Fidelity bought $220 billion on Wednesday, with this issuer alone buying more than half a billion dollars worth of bitcoin in the past two days.
BlackRock added $155 million, bringing it to $420 million for the past two days, while Ark Invest bought $71.4 million.
Adding to the bullishness, Grayscale saw inflows, rather than outflows, for the past two days at a combined $42 million.
This sudden shift to significant inflows is on the back of the Canadian central bank cutting interest rates by 0.25%.
The European Central Bank is also expected to cut rates later day for the first time in five years since 2019.
In addition, the dollar strength index (DXY) has dived to 103.8 from near 105 at the end of last month with major US stock indexes rising to a new all time high.
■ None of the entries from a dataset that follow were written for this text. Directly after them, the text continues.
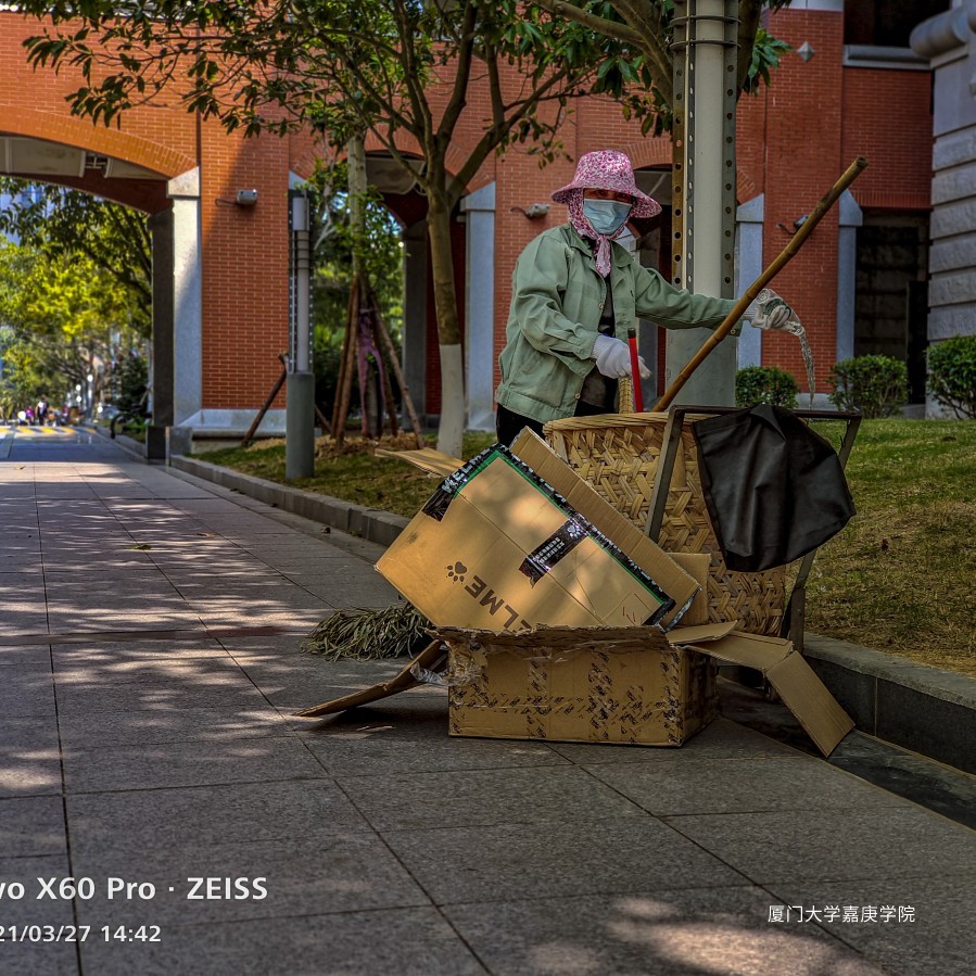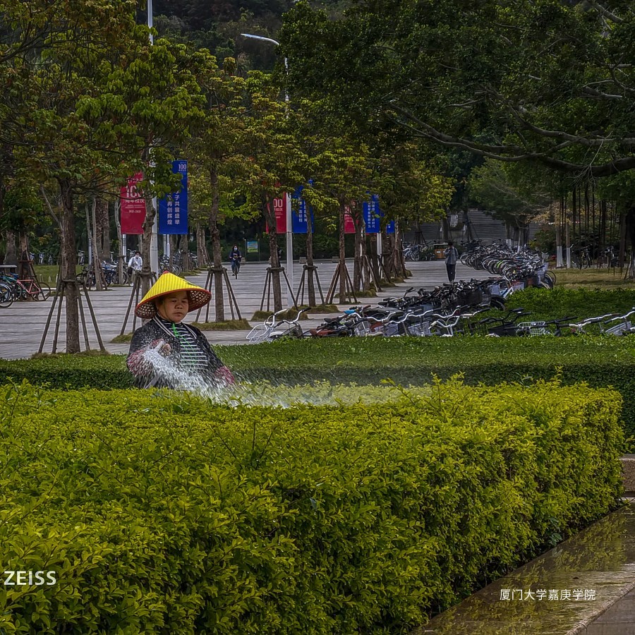 偶然路过时,一位保洁阿姨正在将丢弃的罐子里面的水浇灌草坪,我随后蹲下拍照记录,爱意却对我会心一笑。这个时候阿姨仿佛像一束光一样,让我觉得这是她对她工作的认同和喜爱。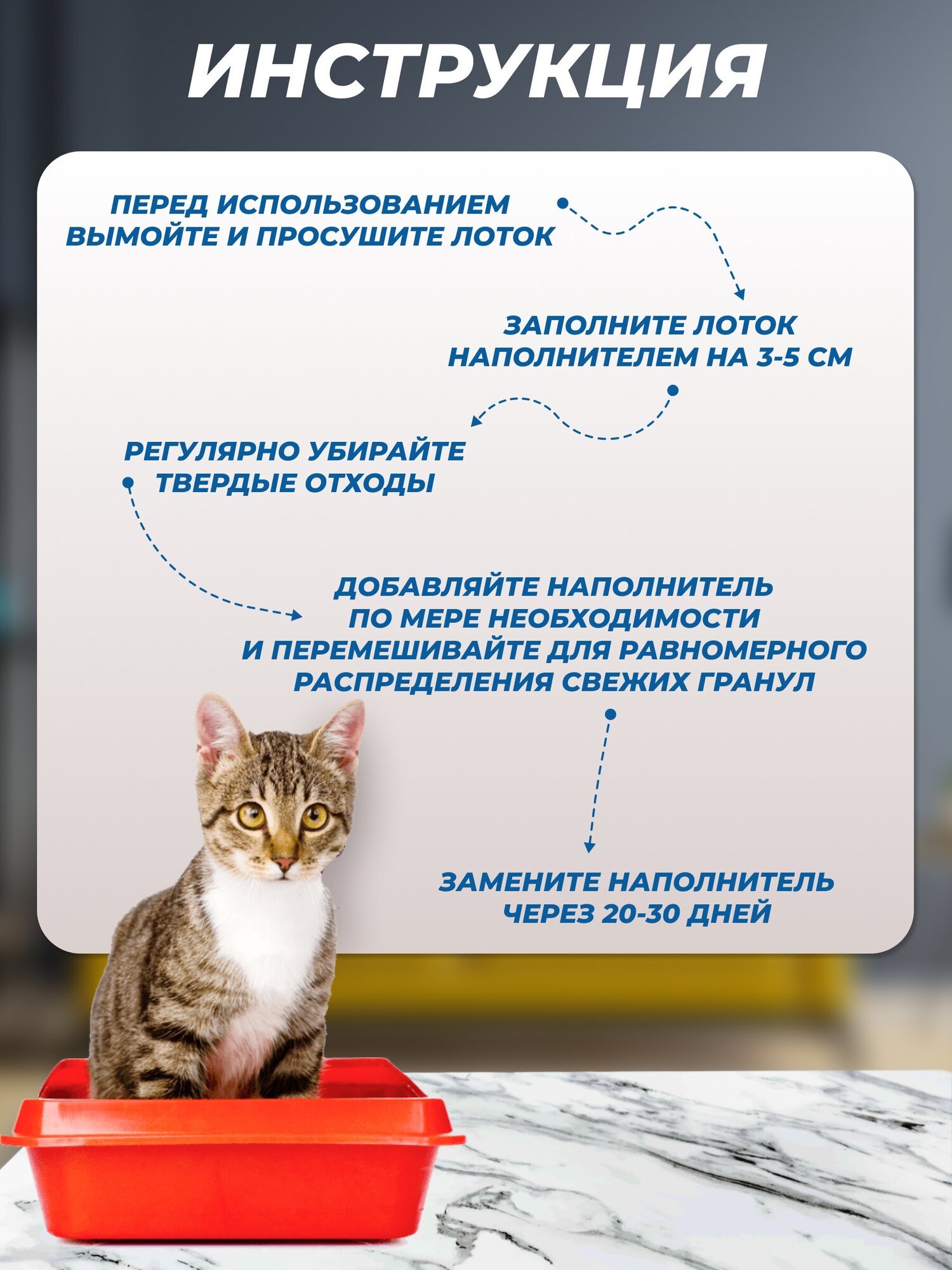 Силикагелевый наполнитель "Чистый котик" не пылит, не прилипает к шерсти животного и не разносится по дому.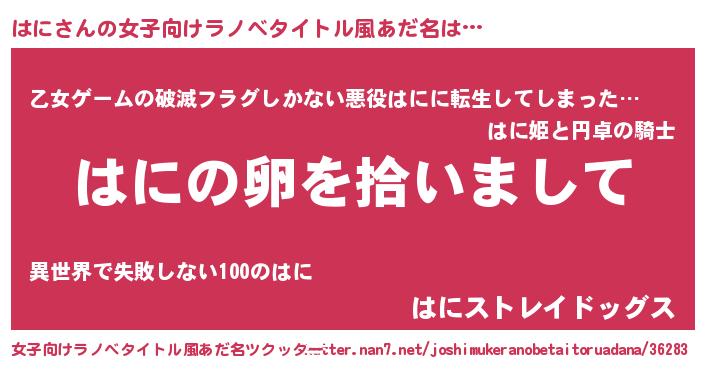 | 男性向けラノベタイトル風あだ名 | 『はにの嫁は女の子じゃないと思った?』 |

Bitcoin has not yet crossed its all time high of $74,000, rising to near $72,000 with it currently trading at just under $71,000.
The huge inflows yesterday seem to have had little effect on the price, probably due to bots playing the three months-long range.
That range trading may have added artificial new supply, suggesting that a breakout might be speedily upwards to a new level when and if it happens.
Or it keeps ranging, but we’re now in the third month since March 12th and that’s how long it usually lasts in a bull.
Moreover July is three months after the halving when the effects might start being felt, bringing the timeline slightly forward.
Macro is also turning favorable. The Federal Reserve Banks will ease the quantitative tightening – money burning – this month by slowing down the rate of bond selling.
That might be followed by potential rate cuts in autumn, especially as a recent dive in oil prices to $74 from near $80 might ease inflation pressures.